The choice of the right instrumentation, the establishment and validation of the best available methods, their integration into in an efficient laboratory workflow under appropriate quality control and operated by experienced and skilled staff are essential for the mission success of a laboratory.

  • We are assisting our clients with the selection and procurement of a suitable instrument park focusing on issues like ease of use (this includes software), future proofing, price/performance ratio, availability of a qualified on-site service and applicability of internationally accepted methods and techniques. While instrument performance specifications are important in decision making there are many other factors that influence a final procurement decision. Our goal is that you get the right equipment to fulfill your mission goals.
  • We provide and assist in method development and validation as well as the establishment and in-house validation of internationally accepted standard methods.

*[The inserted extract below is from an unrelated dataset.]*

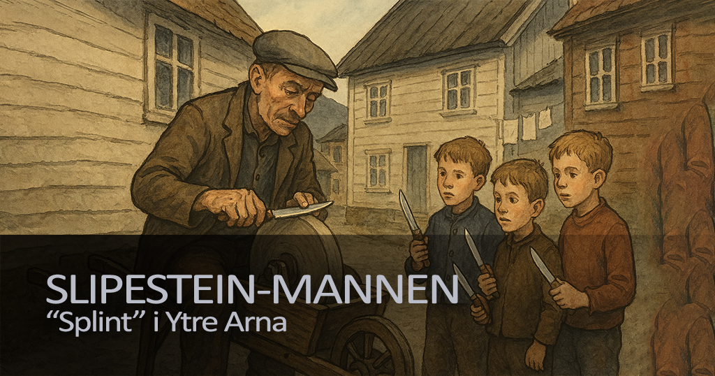 I min barndom kom splintene og knivsliperen rekende til Ytre Arna – kvinner som solgte bånd og blonder, og menn med slipestein på trillebår. Vi guttunger sprang som budstikke med kniver til sliping, og beundret kunsten når et gresstrå ble kuttet rent. En svunnen tid, da alt fikk nytt liv – i stedet for å kastes.

GC-MS (Gas chromatography – Mass spectrometry)

The traditional work-horse for the analysis of chemical warfare agents, their precursors an degradation products is gas chromatography coupled to mass spectrometry (GC-MS). In addition to GC-MS(EI) that allows comparison with databases such as the OPCW Central Analytical Database and the NIST library, chemical ionization – GC-MS(CI) – is often used to obtain molecular weight information based on the molecular ion. The use of GC-MS(EI) and GC-MS(CI) is sufficient for compound identification and confirmation in OPCW (environmental) Proficiency Tests and still the most used combination of analytical techniques.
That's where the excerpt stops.